- The paper demonstrates that Lamarckian inheritance outperforms Darwinian methods in non-conflicting or predictable environments by enabling faster, more generalizable adaptation in virtual soft robots.
- The research utilizes Bayesian optimization and reinforcement learning to rigorously compare inherited versus de novo controller learning across varied dynamic environmental settings.
- Results indicate that augmenting robots with predictive sensors mitigates maladaptation in conflicting scenarios, guiding the design of robust, adaptive embodied AI systems.
Lamarckian Inheritance in Dynamic Environments: Critical Variables Governing Evolutionary Outcomes
Introduction
The study investigates the role of Lamarckian inheritance in the co-optimization of morphology and control in virtual soft robots (VSRs) within dynamic environments, dissecting how the interplay between environmental predictability and conflict in environmental changes influences the efficacy of different inheritance paradigms.
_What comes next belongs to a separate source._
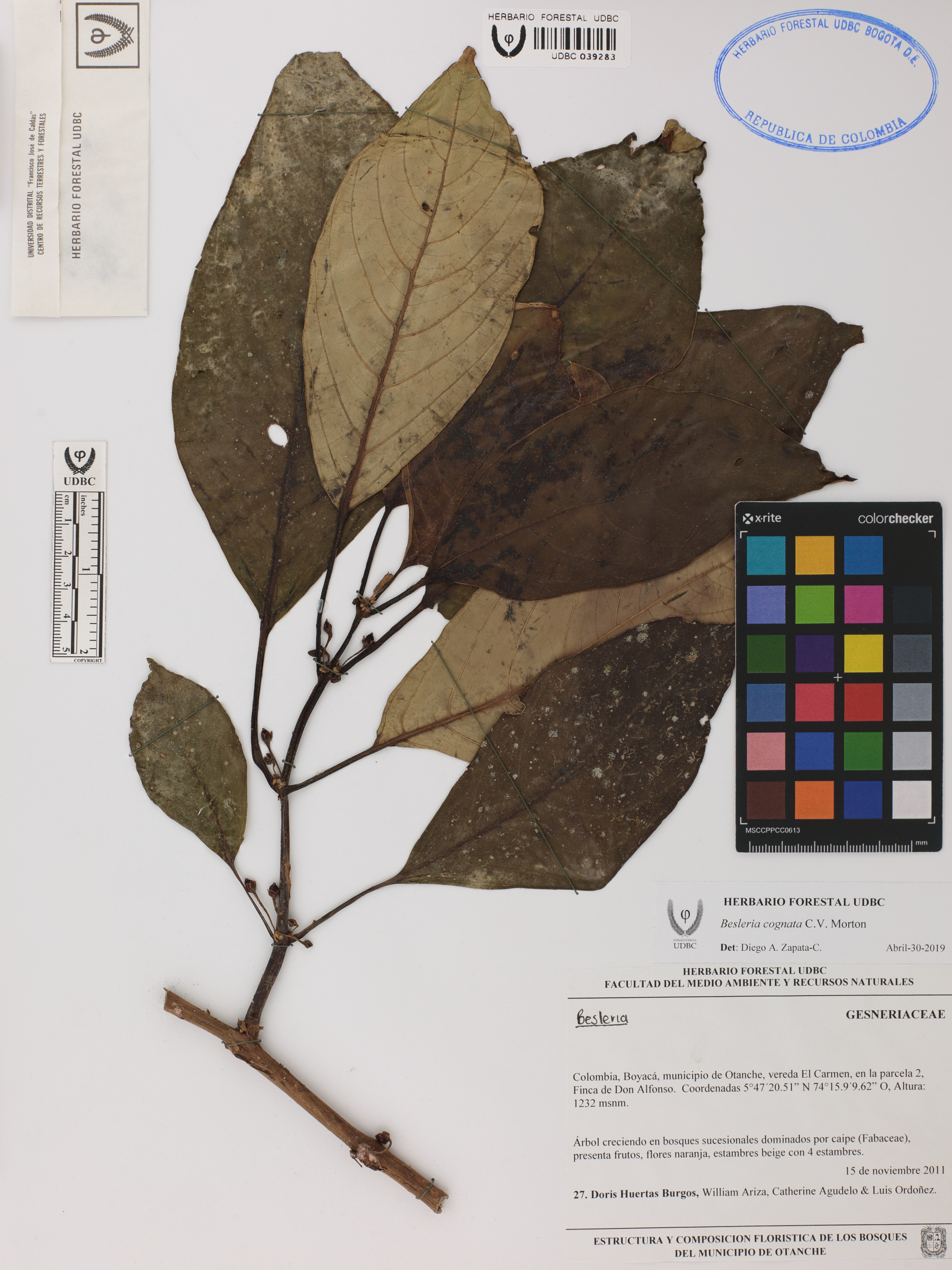Fotografía del ejemplar Huertas, D. 27, determinado como Besleria cognata en el año 2019

The authors utilize a systematic experimental framework involving Bayesian optimization (BO) and reinforcement learning (RL)–based controller optimization to explicitly quantify conditions under which Lamarckian inheritance outperforms or underperforms traditional Darwinian inheritance.

Figure 1: Classification of dynamic environments along the axes of environmental conflict and predictability, indicating favorable inheritance mechanisms for each regime and showing representative environments used in study.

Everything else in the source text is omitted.